On Wednesday, the Dow Jones Industrial Average rose 127 points, or 0.39%, to 33,130, snapping a three-day losing streak, while the S&P 500 gained 34 points, or 0.81%, to 4,264 for its biggest percentage-point gain in three weeks, FactSet data show.
Treasury yields were volatile in early trade on Thursday, which added to pressure on U.S. stocks as investors digested a batch of fresh economic data ahead of Friday’s all-important September jobs report.
The yield on the 10-year Treasury note BX:TMUBMUSD10Y was last pegged at 4.73%, near a 16-year high reached earlier this week. Bond yields move inversely to prices.

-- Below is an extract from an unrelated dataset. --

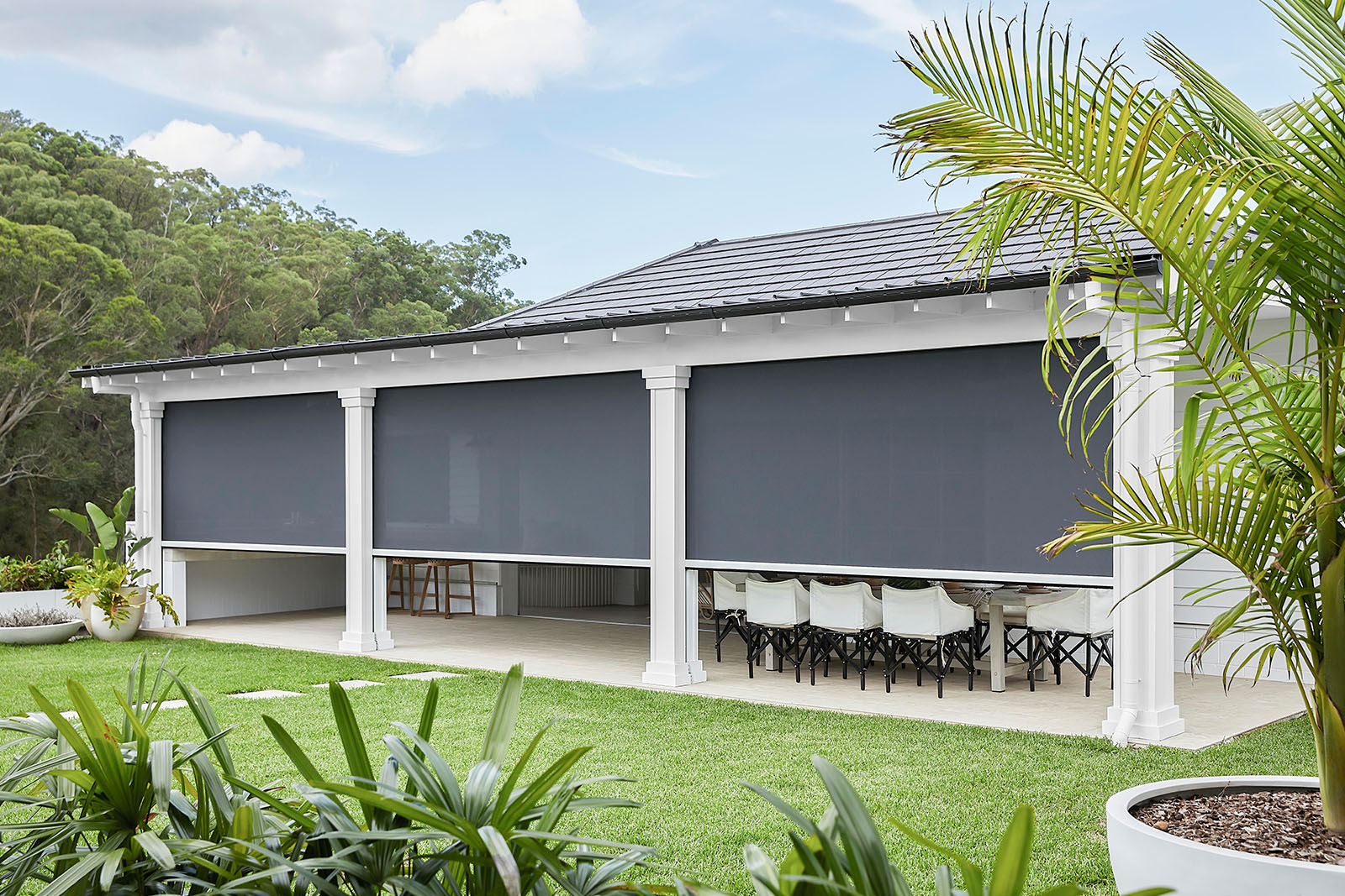 "When we saw the Luxaflex® Evo MagnaTrack Awning and chose to install them, it had a huge impact on our design. We removed our dining space from the internal living plans, and allowed for a larger kitchen and communal area. The Evo MagnaTrack enabled the outdoor dining space to transform into an indoor space as needed; which was a serious game changer in our design."

“I think the momentum is still on the down side,” said Liz Ann Sonders, chief investment strategist at Charles Schwab, in a phone interview with MarketWatch. “There’s nothing specific that you could point to today.”
A weekly report on jobless-claims data showed no sign that layoffs have been increasing. Rising layoffs are seen as a necessary prerequisite for the Federal Reserve to start easing its monetary policy, which has weighed on both stocks and bonds since early 2022. Government data showed the number of Americans who applied for unemployment benefits last week rose slightly to 207,000, but remained near pandemic-era lows.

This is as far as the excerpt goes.